A fundamental litmus test for any important decision by a governor general is what kind of precedent it sets for the future. By granting prorogation, the governor general not only allowed the current prime minister to escape almost certain defeat in a confidence motion, but she also set the stage for every future prime minister to follow suit.

With this precedent, any prime minister can demand that the governor general suspend parliament whenever he or she believes they are certain to lose a vote of confidence. And since the Constitution only requires that Parliament meet once within a 12 month period, the “time out” bought by prorogation can be a significantly long period. This precedent is a damaging and dangerous consequence of the governor general’s decision. If this precedent stands, no future House of Commons can dare stand up to a prime minister without danger of being suspended until the prime minister believes the House has been tamed.

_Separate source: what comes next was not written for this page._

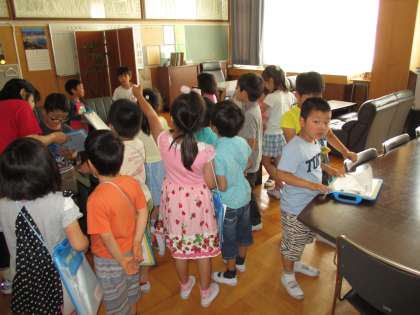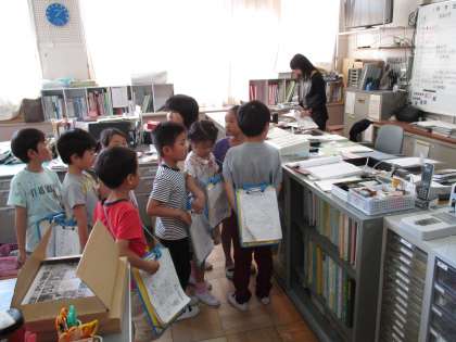 校長室と職員室を探検しました。なかなか入ることができない部屋なので、子どもたちのテンションはどんどん上がっていましたが、お仕事中の先生方もいたので、迷惑のかからないように見学をしました。
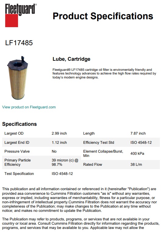 Découvrez FILTRE A HUILE FLEETGUARD LF17485 EQUIVALENT A HIFI SO 7213 disponible à l'achat

Other considerations, such as the need for a prolonged cooling off period, the lack of an electoral mandate for a coalition, or the role of the Bloc Quebecois are absolutely none of the governor general’s concern when making a decision on constitutional grounds. They are purely political matters that must be left to Parliament to sort out in its own time and ways. Indeed, it would be highly improper for her to base the decision on such factors.

The governor general failed to defend Canadian parliamentary democracy and has opened the door to repeated abuses of power by future prime ministers. Our newly elected MPs were about to pronounce authoritatively on who would have their confidence to govern, but they were shut down instead. We elect parliaments not governments in Canada, and Parliament must be free to determine who governs after an election.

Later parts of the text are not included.